Buy energy-free gifts. Almost 40 percent of all batteries (more than 40 billion bought during the year are purchased in the Christmas season. Then, these single-use batteries end up in landfills. Make a dent in that number and buy gifts that either don't require batteries at all or buy rechargeable batteries and a charger (if the recipient doesn’t have one) to go with the gift.

Make your own wrapping paper. Did you know that most wrapping paper isn’t recyclable, so it ends up in landfills? Channel your inner Martha Stewart and wrap presents with old maps from your town or state, your kids’ artwork or a scarf/dish towel tailored to the gift.

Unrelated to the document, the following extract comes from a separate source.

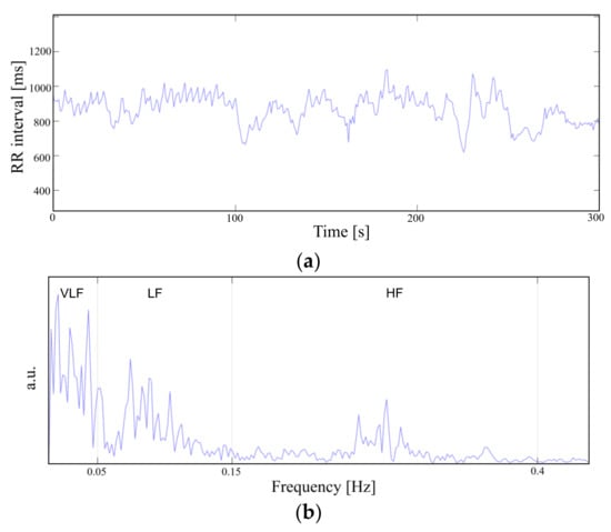 Heart rate variability in (a) time domain and (b) frequency domain.
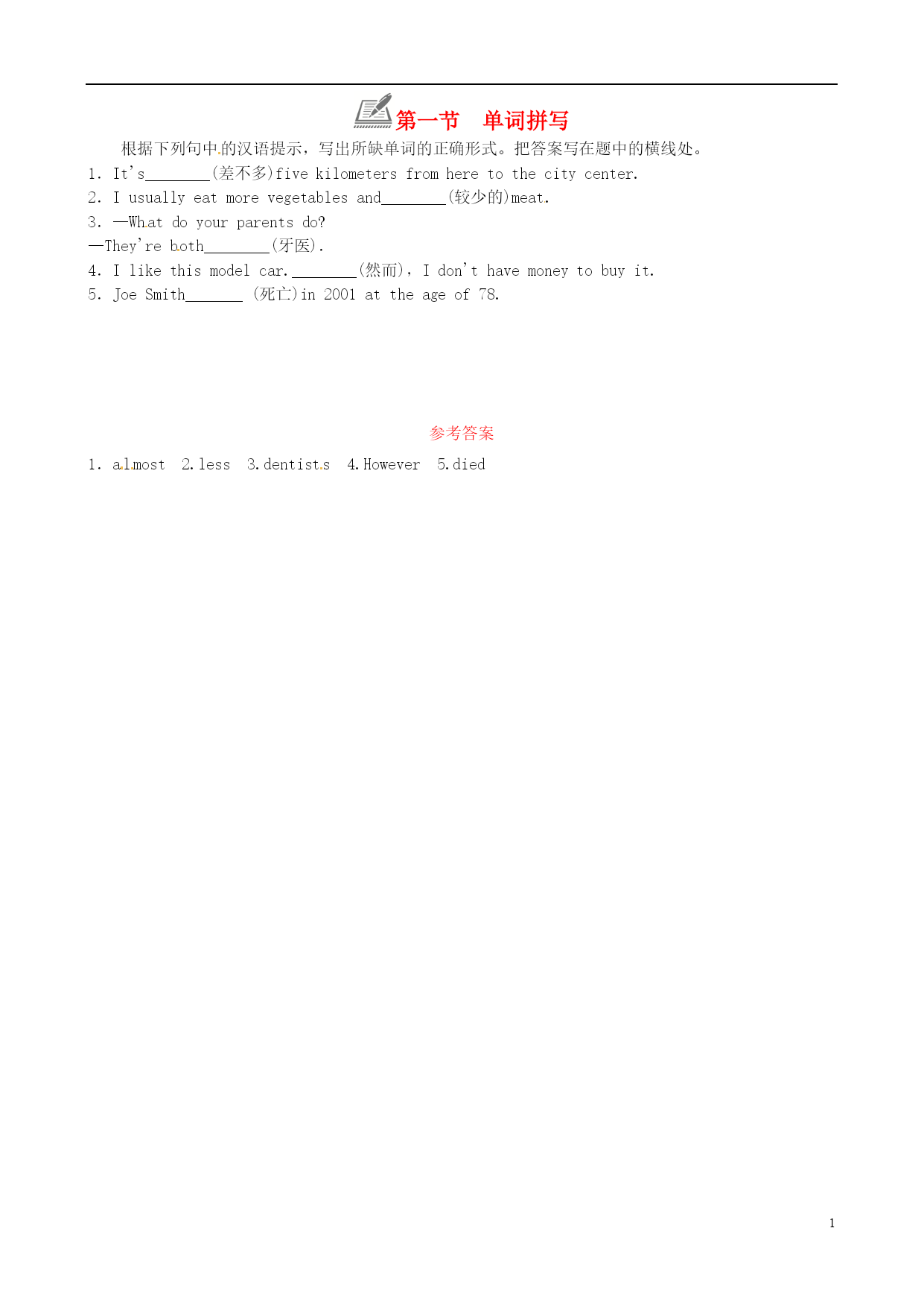 第一节单词拼写根据下列句中的汉语提示,写出所缺单词的正确形式。把答案写在题中的横线处。1.It's________(差不多)fivekilometersfromheretothecitycenter.2.Iusuallyeatmorevegetablesand________(较少的)meat.3.—Whatdoyourparentsdo?—They'reboth________(牙医).4.Ilikethismodelcar.________(然而),Idon'thavemoneytobuyit.5.J

Recycle your Christmas tree. Ninety-eight percent of Christmas trees are grown on farms specifically for the holidays. But, each year, 10 million Christmas trees end up in the landfill. Whenever possible, recycle instead. Drag the tree into the woods, if possible, so that it can become shelter for animals. Drag the tree to the curb if your city has pickup. Call (800) CLEANUP or visit www.earth911.org to find the tree-recycling program near you.

Recycle your old cell phone. If you get a new cell phone for Christmas, put your old one to go use. Drop it off at any Staples store as part of the Sierra Club cell phone recycling program. Each year, 130 million cell phones are thrown out, weighing approximately 65,000 tons.